> [What the task asks] No pictures belong in the copy, but every line of the material below must be reproduced exactly.

> [Data]

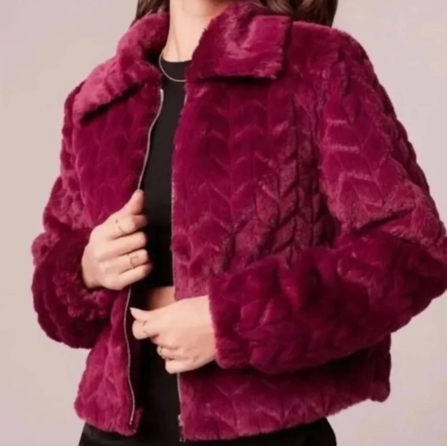 A riff on your favorite classic bomber jacket. Introducing the Val Faux Jacket by Band Of Gypsies, a chic addition to any wardrobe in a striking eggplant hue. This bomber jacket is crafted from super soft faux shearling and textured chevron faux fur, featuring long sleeves and an oversized collar for added flair. It closes with a practical zip closure and includes side pockets for functionality. Made from 100% polyester with a silky lining for a luxe feel.
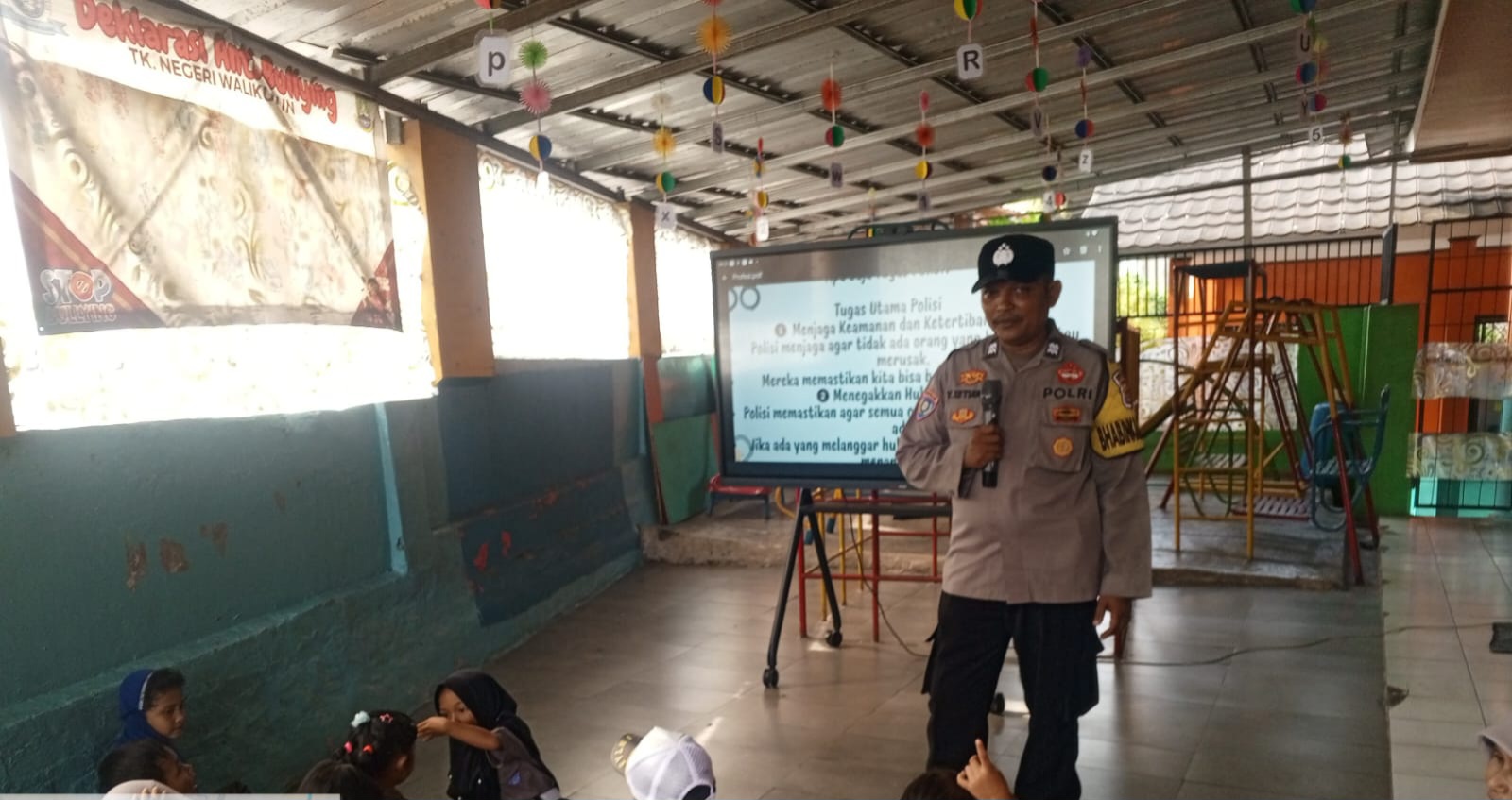 Dalam kesempatan ini, Bhabinkamtibmas Polsek Ciwandan mengajak anak-anak berinteraksi dan Selain itu juga disisipi dengan pengenalan tentang tugas-tugas polisi secara umum.
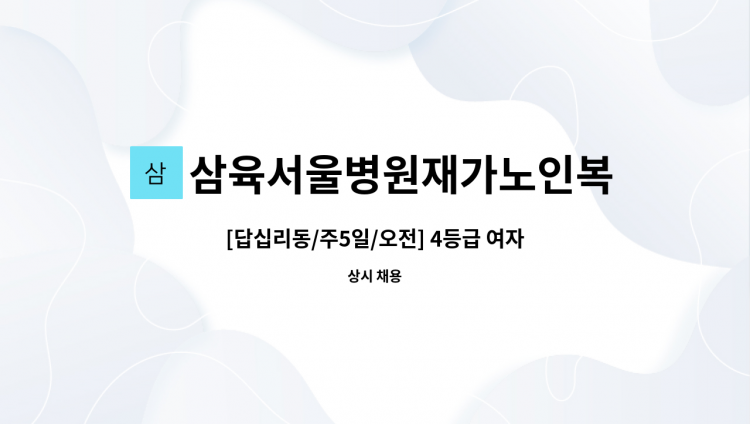 * 4등급 여자어르신 돌봄 -식사 챙겨 드리기, 화장실 이동시 부축, 어르신방 정리정돈, 목욕 지원 등 -(월~금) 13:00~16:00 -시급 12,500원 -동대문구 사가정로 65 전농동 크래시티

> [Answer to the problem]
 A riff on your favorite classic bomber jacket. Introducing the Val Faux Jacket by Band Of Gypsies, a chic addition to any wardrobe in a striking eggplant hue. This bomber jacket is crafted from super soft faux shearling and textured chevron faux fur, featuring long sleeves and an oversized collar for added flair. It closes with a practical zip closure and includes side pockets for functionality. Made from 100% polyester with a silky lining for a luxe feel.
 Dalam kesempatan ini, Bhabinkamtibmas Polsek Ciwandan mengajak anak-anak berinteraksi dan Selain itu juga disisipi dengan pengenalan tentang tugas-tugas polisi secara umum.
 * 4등급 여자어르신 돌봄 -식사 챙겨 드리기, 화장실 이동시 부축, 어르신방 정리정돈, 목욕 지원 등 -(월~금) 13:00~16:00 -시급 12,500원 -동대문구 사가정로 65 전농동 크래시티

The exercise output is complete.